Visual Snow Syndrome (VSS) is characterized by persistent, television noise like visual disturbances, accompanied by other visual and non-visual symptoms. Although VSS is recognized as a clinical entity, its underlying mechanisms remain poorly understood. One hypothesis is that VSS may involve increased sensory “noise” due to impaired sensory filtering, which could extend to non-visual modalities, such as somatosensory perception. This study aims to evaluate somatosensory perception in VSS using Quantitative Sensory Testing (QST), an established method to quantify sensory perception regarding different qualities such as heat, cold, touch and nociceptive stimuli.

Methods

Thirty-six patients with VSS and thirty-nine controls matched for age, sex and migraine were included. Given the high prevalence of migraine in VSS patients, controls were matched for migraine for its potentially confounding effects in QST. We used the standard QST protocol to assess somatosensory perception, which we performed on the dorsum of the right hand. In addition to assessing sensory sensitivity, we also calculated intraindividual variability in test results (as a measure of “somatosensory noise”). For subgroup analysis both groups were divided by migraine status using a two-way ANOVA.

Results

In demographics, migraine onset was earlier in VSS than in controls (11.7 years ± 6.5 vs. 17.8 years ± 9.1; p = 0.030), additionally migraine with visual aura was significantly more often present in VSS than in controls (80% vs. 23%; p = 0.017). Our two-way ANOVA analysis revealed no statistically significant main effect or interaction of migraine or VSS on QST parameters. Results for intraindividual variability were similar, except for a significant interaction between VSS and migraine on vibration detection threshold (F(1, 70) = 18.909, p < 0.001, partial η² = 0.21).

Conclusions

These results suggest that VSS, despite being recognized as a multisensory disorder, seems to have no direct impact on somatosensory perception, supporting a predominantly higher-order condition of visual and sensory integration rather than a primary somatosensory dysfunction. Additionally, VSS patients showed significantly earlier migraine onset compared to controls, suggesting shared underlying mechanisms with migraine with aura, which would require further investigations.

Supplementary Information

The online version contains supplementary material available at 10.1186/s10194-025-02212-y.

Introduction

“Visual Snow” (VS) was first described 30 years ago. Patients reported countless tiny, flickering dots of varying colour and brightness within their visual field, which were described like the visual perception induced by a noisy TV screen. Initially falsely interpreted as a persistent variant of migraine aura [1], VS has become recognized as a distinct clinical entity, with a growing number of case descriptions [2]. Over time, a pattern of additional visual symptoms typically associated with VS emerged e.g. afterimages or trailing of moving objects (palinopsia), enhanced sensitivity to light (photophobia) or reduced vision at night (nyctalopia). This led to the first description of Visual Snow Syndrome (VSS) [3], quickly followed by its inclusion in the appendix of the third edition of the international classification of headache disorders (ICHD-3) (see Table 1) [4]. A number of further non-visual comorbidities have been described, including migraine (with or without aura), tinnitus, depression and anxiety disorder [5–7].

Table 1.

Criteria for the definition of the visual snow syndrome, according to ICHD-3 (diagnosis A1.4.6)

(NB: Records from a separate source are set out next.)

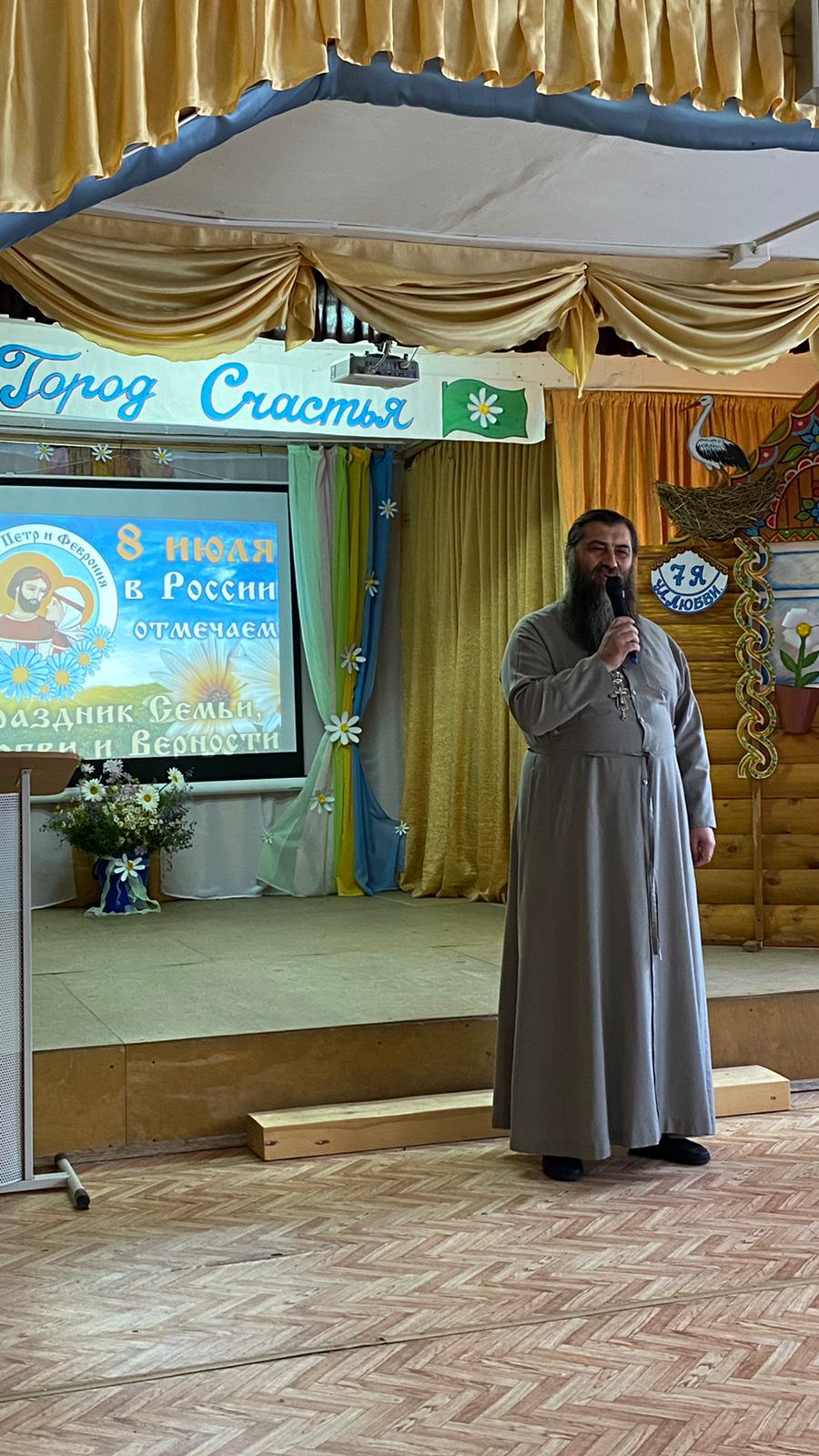 8 июля в Православном детском центре «Возрождение» при помощи руководителя социального отдела Козельской епархии иерея Дионисия Куваева прошел праздник, посвященный дню Семьи, Любви и Верности. В мероприятии приняли участие 12 семей из Козельского района. При входе всем мамам и девочкам дарили символ праздника- ромашку. В теплой атмосфере семьи делились секретами семейного счастья и методами воспитания. Артистами стали сами участники праздника. В завершении семьям были вручены памятные поздравительные открытки и подарки. Вместе с напутствиями их вручал духовник Центра, наместник монастыря Спаса Нерукотворного пустынь игумен Михаил (Семенов). Торжество закончилось чаепитием.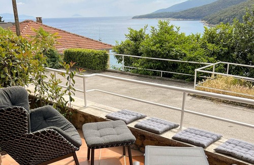 Located in the attractive town of Rabac, known for its beautiful pebble beaches and crystal clear sea, this practically furnished apartment offers everything for a feel-good vacation. It is located in a family house on the slope of a hill, which overlooks the beach and promenade, and has a fantastic view of the bay. The convenient location allows you to listen to the lapping of the sea on the beach during the day or to admire the riot of colors of the various stalls in the town in the evening. Charming hiking trails lead to the historic town of Labin, where you will be spoiled with local specialties and quality wine in many small restaurants, konobas and cafes.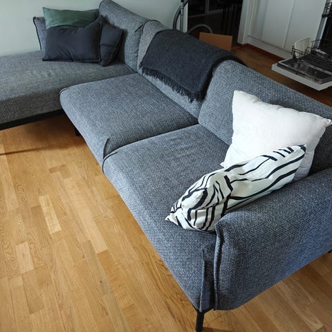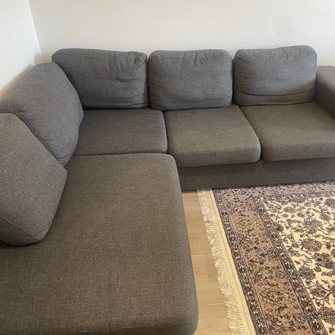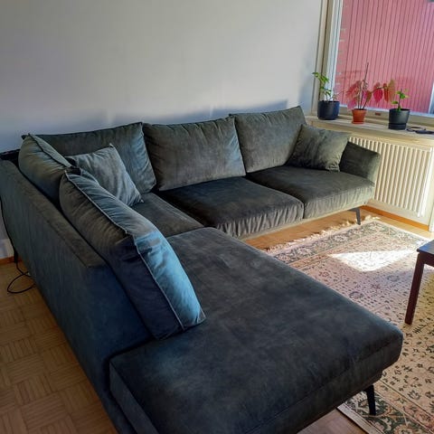 Myydään (tai vaihdetaan hieman pienempään harmaa / vihreä / sinertäväsävyiseen sohvaan) Ikean laadukas, helppohoitoinen ja mukana kulmasohva.
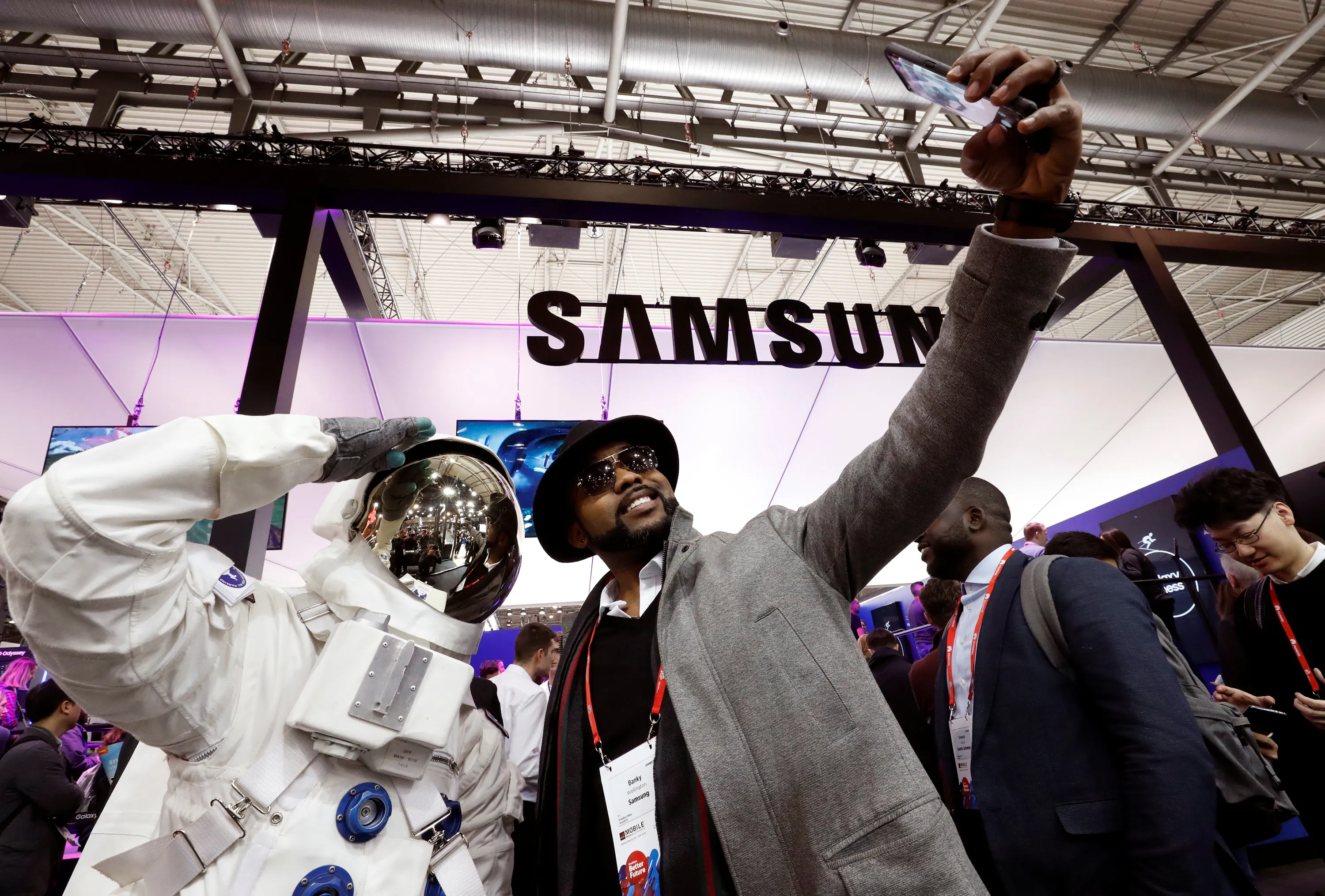 A visitors takes a selfie at Samsung booth during the Mobile World Congress in Barcelona, Spain, February 27, 2018. (Photo by Yves Herman/Reuters)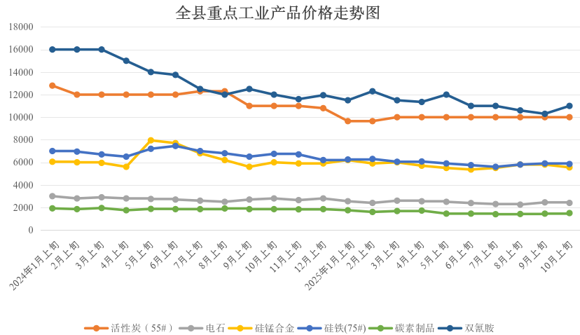 重点监测的11种工业品价格环比:3升3平5降,上涨的有:双氰胺、碳化硅(二级)、碳化硅(一级),分别上涨7.84%、1.85%、0.17%;活性炭(60#)、活性炭(55#)、高硅硅铁与上期持平;下降的有:水泥、电石、硅锰、硅铁(75#)、碳素,分别下降8.7%、5.88%、2.63%、2.5%、1.96%。同比:全部下降,其中降幅较大的有:碳素、碳化硅(一级)、高硅硅铁、电石、硅铁(75#),分别下降:18.92%、17.9%、15.69%、14.29%、13.33%。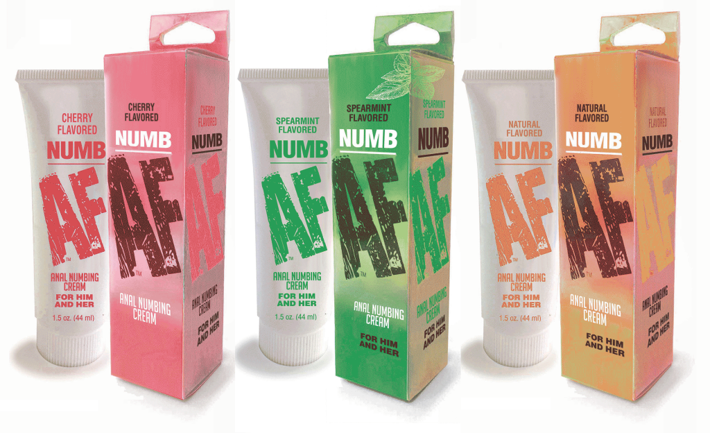 NUMB AF will make your anal experience more pleasurable. Numb AF is a cool mint-flavored anal-numbing cream; the formulation relaxes the muscles and numbs the nerves for greater comfort during anal play. Safe to use with toys as you build up to the anal experience you desire. Apply a dime size gel to the anal opening and wait 3-5 minutes before engaging in anal play. Reapply as needed. Numb AF helps to take the anxiety out of anal play so you can focus on the pleasure of the experience. Please note that Numb AF is not a lubricant and should be used with your preferred personal lubricant. Numb AF has six delicious flavors: Blue Raspberry, Cherry, Cupcake, Mint, Strawberry, andย Unflavored. Each 1.5oz tube comes with a convenient mess-free screw cap.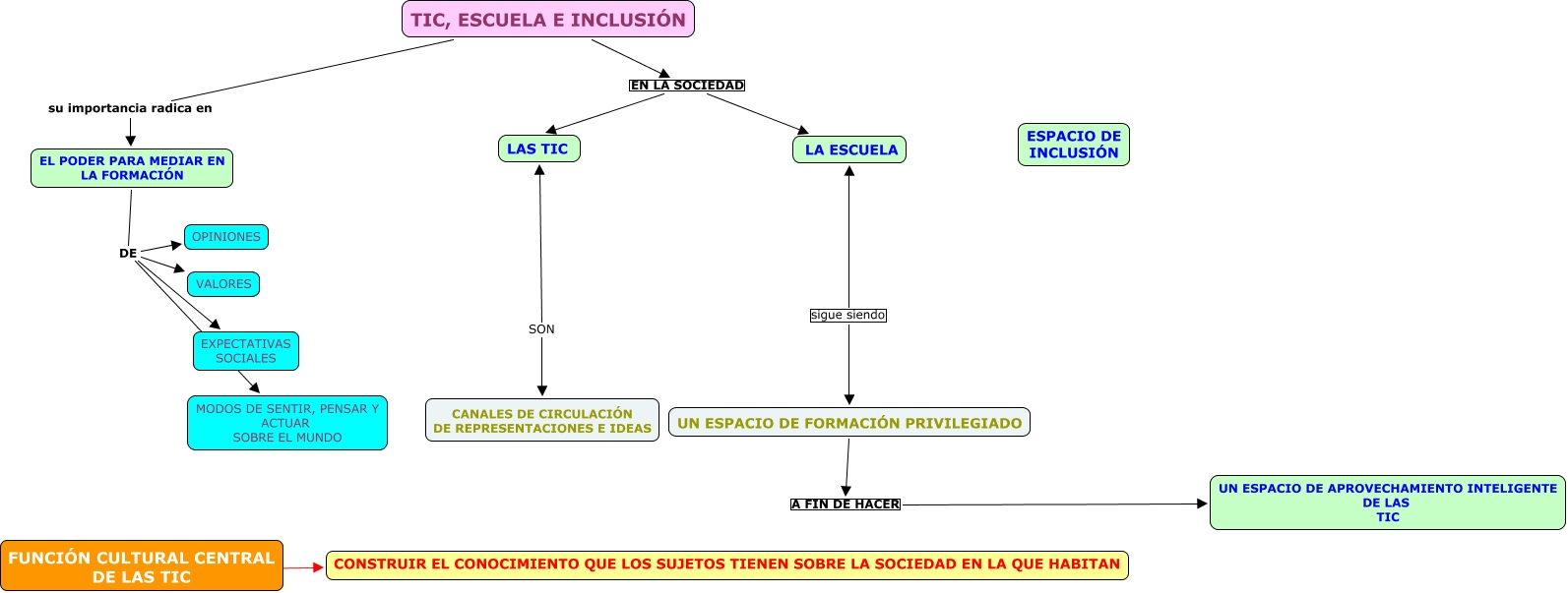 This Concept Map, created with IHMC CmapTools, has information related to: TIC ESCUELA E INCLUSION, TIC, ESCUELA E INCLUSIÓN su importancia radica en EL PODER PARA MEDIAR EN LA FORMACIÓN, EL PODER PARA MEDIAR EN LA FORMACIÓN DE MODOS DE SENTIR, PENSAR Y ACTUAR SOBRE EL MUNDO, FUNCIÓN CULTURAL CENTRAL DE LAS TIC ???? CONSTRUIR EL CONOCIMIENTO QUE LOS SUJETOS TIENEN SOBRE LA SOCIEDAD EN LA QUE HABITAN, TIC, ESCUELA E INCLUSIÓN EN LA SOCIEDAD LA ESCUELA, EL PODER PARA MEDIAR EN LA FORMACIÓN DE OPINIONES, UN ESPACIO DE FORMACIÓN PRIVILEGIADO A FIN DE HACER UN ESPACIO DE APROVECHAMIENTO INTELIGENTE DE LAS TIC, EL PODER PARA MEDIAR EN LA FORMACIÓN DE EXPECTATIVAS SOCIALES, TIC, ESCUELA E INCLUSIÓN EN LA SOCIEDAD LAS TIC, EL PODER PARA MEDIAR EN LA FORMACIÓN DE VALORES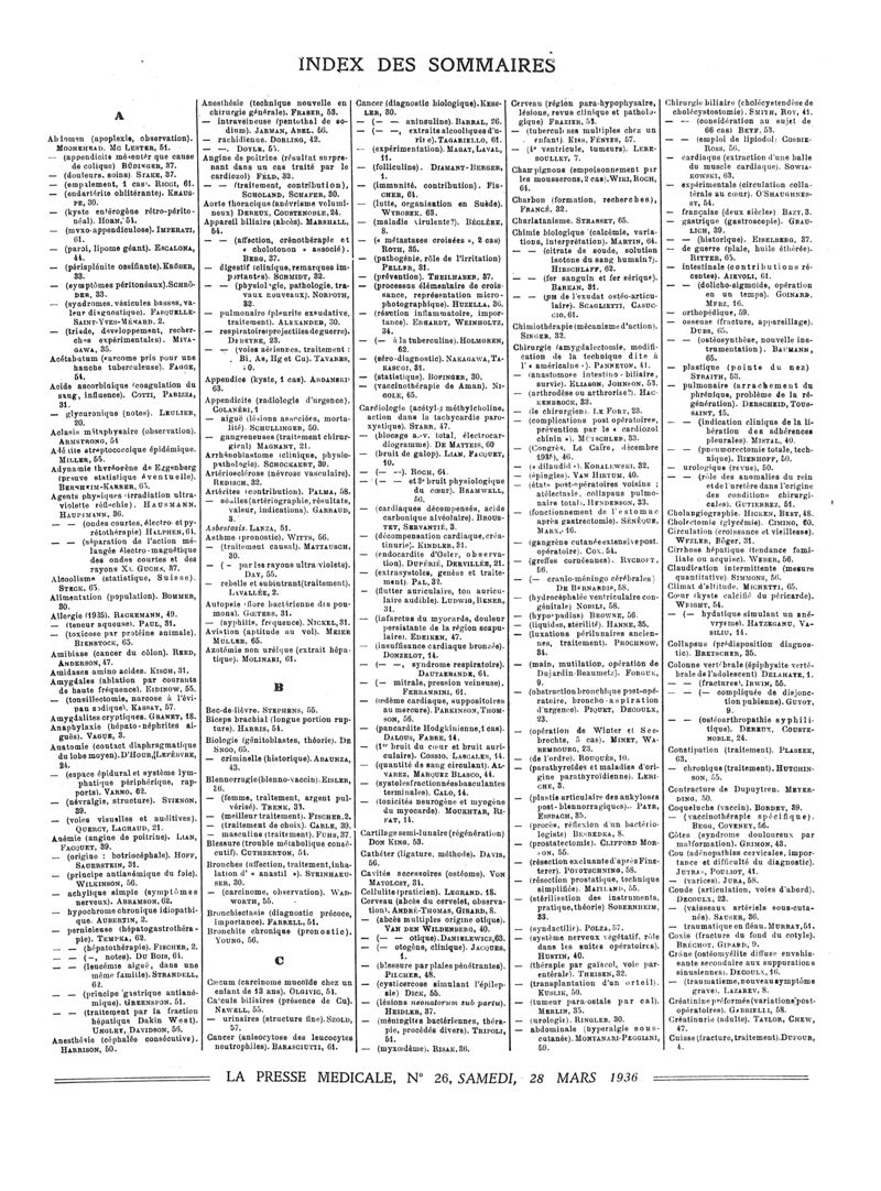 1936, Sommaires des périodiques. -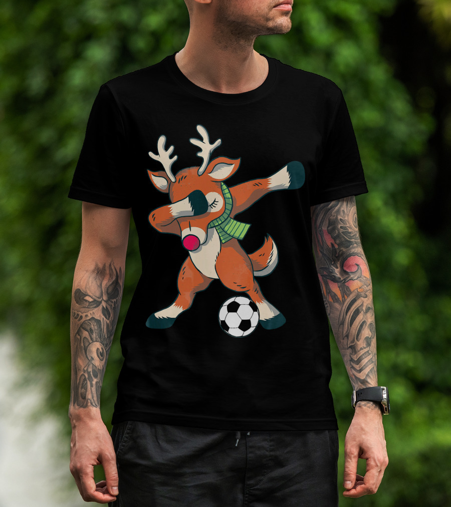 Dabbing Reindeer Soccer Christmas Fun T-Shirt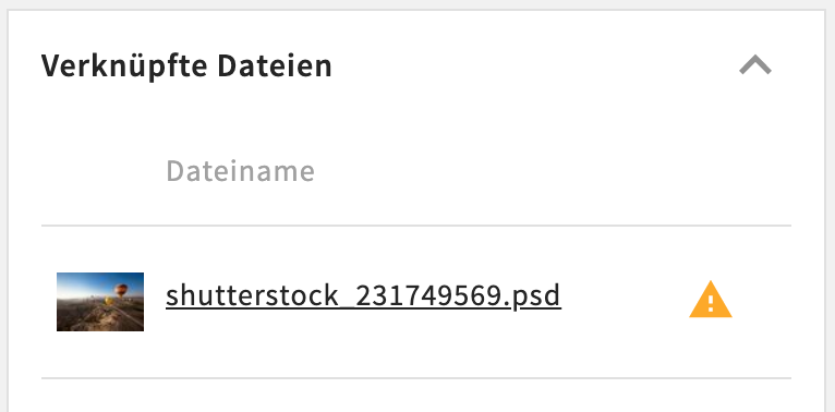 Beispiel: Verknüpfte Datei wurde verschoben oder verändert Verknüpfte Datei gelöscht: Wird eine Datei im System gelöscht, ist die Verknüpfung unterbrochen. Die gelöschte Datei wird mit dem Hinweis-Icon signalisiert. Es wird nur noch die Fallback-Vorschau der Datei mit der Datei-ID gezeigt.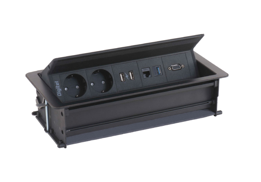 Boîtiers de prises escamotables, à encastrer sur les bureaux, les tables de réunion ou les pupitres informatiques.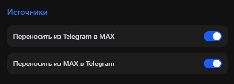 Позволяет настроить источники для переноса. Посты могут переноситься как из Telegram в MAX, так и из MAX в Telegram.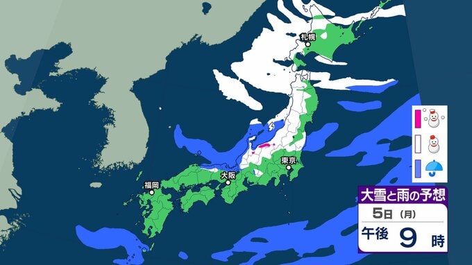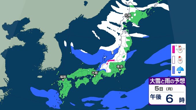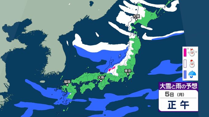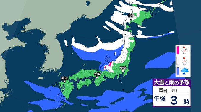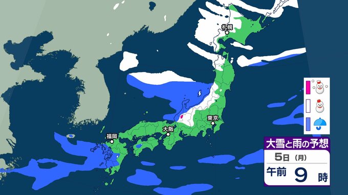 【新春寒波】日本海側を中心に大雪 降雪量は関東甲信40㎝、近畿30㎝、中国地方25㎝の予報→「Uターンラッシュ」など交通障害に注意を【気象庁 雪雨シミュレーション/3日・午前9時更新】 RSK山陽放送 2026年1月3日(土) 08:46 国内 5日(月)雪と雨のシミレーションをみる 5日(月)3時間ごとの雪と雨のシミレーション【画像⑮~㉒】 【画像⑮】 【画像⑯】 【画像⑰】 【画像⑱】 【画像⑲】 【画像⑳】 【画像㉑】 【画像㉒】

A	Visual snow: dynamic, continuous, tiny dots in the entire visual field lasting longer than 3 months
B	Presence of at least two additional visual symptoms of the four following categories:
	i. Palinopsia: At least one of the following: afterimages or trailing of moving objects.
	ii. Enhanced entoptic phenomena. At least one of the following: Excessive floaters in both eyes, excessive blue field entoptic phenomenon, self-light of the eye, or spontaneous photopsia.
	iii. Photophobia: enhanced sensitivity to light
	iv. Nyctalopia: impaired or reduced vision at night
C	Symptoms are not consistent with typical migraine visual aura.
D	Symptoms are not better explained by another disorder.

A key commonality among these symptoms is the increased sensory noise, particularly evident in Visual Snow and tinnitus, both of which can be conceptualized as a form of inappropriate sensory filtering. This hypothesis has been previously discussed by Morse et al. [8].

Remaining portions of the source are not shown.